Harold James Glanville (5 June 1854 – 27 September 1930) was an English businessman and Liberal Party politician.

==Family and education==
Glanville was born in Bermondsey in south London the son of James Glanville, a Chartered Accountant of 15 Great St Helens, in the City of London. He was educated at Deptford Grammar School. In 1881 he married Hannah Elizabeth, the daughter of James and Hannah Abbott of Bermondsey. They had three sons and a daughter.

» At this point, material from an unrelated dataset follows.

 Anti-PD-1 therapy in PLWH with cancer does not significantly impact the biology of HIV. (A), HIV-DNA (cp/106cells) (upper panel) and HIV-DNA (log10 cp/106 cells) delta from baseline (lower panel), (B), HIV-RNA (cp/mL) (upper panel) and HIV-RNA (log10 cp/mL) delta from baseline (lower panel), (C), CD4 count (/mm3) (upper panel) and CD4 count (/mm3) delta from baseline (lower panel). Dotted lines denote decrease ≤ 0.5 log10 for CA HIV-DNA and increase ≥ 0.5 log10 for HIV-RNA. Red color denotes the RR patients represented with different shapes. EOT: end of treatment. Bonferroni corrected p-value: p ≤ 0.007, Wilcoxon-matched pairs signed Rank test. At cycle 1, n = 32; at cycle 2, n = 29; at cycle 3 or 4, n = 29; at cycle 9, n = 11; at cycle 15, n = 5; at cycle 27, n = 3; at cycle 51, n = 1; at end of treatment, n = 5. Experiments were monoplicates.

One of their sons was James Harold Abbott Glanville (1884–1966) who also had a career in public service and was President of the Liberal Party in 1959–60. Hannah Glanville died in 1891. Harold was married for a second time in 1918 to Bertha Nimmo, a widow from Brockley.

==Career==
On leaving school, Glanville entered the General Post Office but afterwards he worked for a while in his father's office. In 1883 he entered into partnership with his father-in-law and for over 30 years carried on the business of mill furnishers, being head of the firm of James White Abbott & Co. However he always took a keen interest in public affairs.

==Politics==
===Bermondsey politics===
Glanville started off in local politics. He served on the Bermondsey Vestry, a body set up under the Metropolis Management Act 1855 as a second tier of local government in London. In 1889 he was prominent in a campaign to stop the provision of meals and refreshments to vestrymen and officials on the rates. At this time Glanville was Secretary of the Bermondsey Liberal and Radical Association and was involved in a court case arising from a disturbance at a Vestry meeting where members of the public were being excluded from the proceedings.

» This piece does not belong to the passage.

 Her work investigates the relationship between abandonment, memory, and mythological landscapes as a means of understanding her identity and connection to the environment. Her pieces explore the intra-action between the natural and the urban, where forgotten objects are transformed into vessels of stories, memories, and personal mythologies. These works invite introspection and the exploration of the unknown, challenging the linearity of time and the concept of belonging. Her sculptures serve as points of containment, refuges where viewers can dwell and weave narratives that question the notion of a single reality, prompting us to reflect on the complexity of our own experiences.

===London County Council===
Glanville graduated from the Vestry to the London County Council (LCC). He was first elected to the LCC for the Rotherhithe Division in 1898 as a Progressive. He was re-elected in 1901 and 1904. During his time on the Council he was chosen to represent the LCC on the Metropolitan Water Board. He was last re-elected to the LCC for Rotherhithe in 1907. He lost his Bermondsey West seat at the 1922 London County Council election. During his years on the Council Glanville held many local positions in the borough of Bermondsey and he also served as a Justice of the Peace for the County of London.

===Parliament===
Glanville's first Parliamentary contest was for the constituency of Rotherhithe at the 1892 general election but he lost to the Conservative John Cumming Macdona by 1,230 votes.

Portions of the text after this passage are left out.